Zelensky’s speech to Congress was as notable for what he didn’t say as for what he said. He didn’t repeat something he told the U.K.-led Joint Expeditionary Force the day before, that Ukraine could no longer expect membership in the North Atlantic Treaty Organization:
“It is clear that Ukraine is not a member of NATO; we understand this. … For years we heard about the apparently open door, but have already also heard that we will not enter there, and these are truths and must be acknowledged.”
That statement was a major olive branch and made huge headlines in Europe yesterday, helping drive oil prices and defense stocks sharply lower.
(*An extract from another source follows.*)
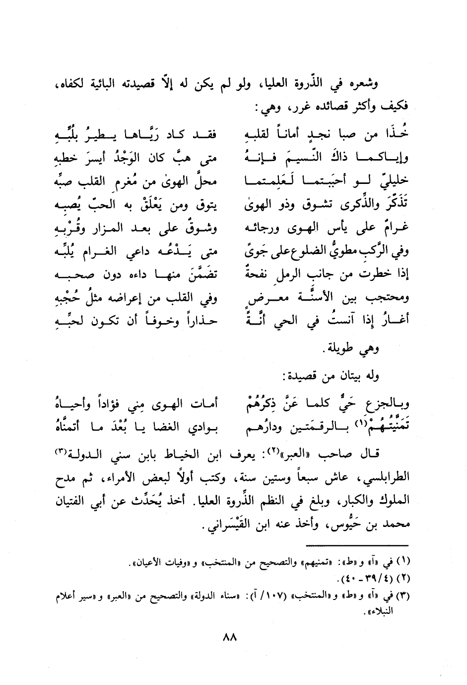 [3] في «آ» و «ط» و «المنتخب» (107/ آ) : «سناء الدولة» والتصحيح من «العبر» و «سير أعلام النبلاء» .

It would appear to remove one of the major justifications Russian President Vladimir Putin has listed for launching the invasion and create auspices for a negotiated peace agreement that would leave Ukraine intact.
The JEF includes the UK and several other NATO members—Denmark, Estonia, Iceland, Latvia, Lithuania, the Netherlands, and Norway—as well as two non-NATO members—Finland and Sweden.
But Zelensky didn’t repeat this observation during his appeal to Congress, instead invoking Pearl Harbor and 9/11 in saying the U.S. had a moral duty to defend Ukraine even if it wasn’t a member of NATO.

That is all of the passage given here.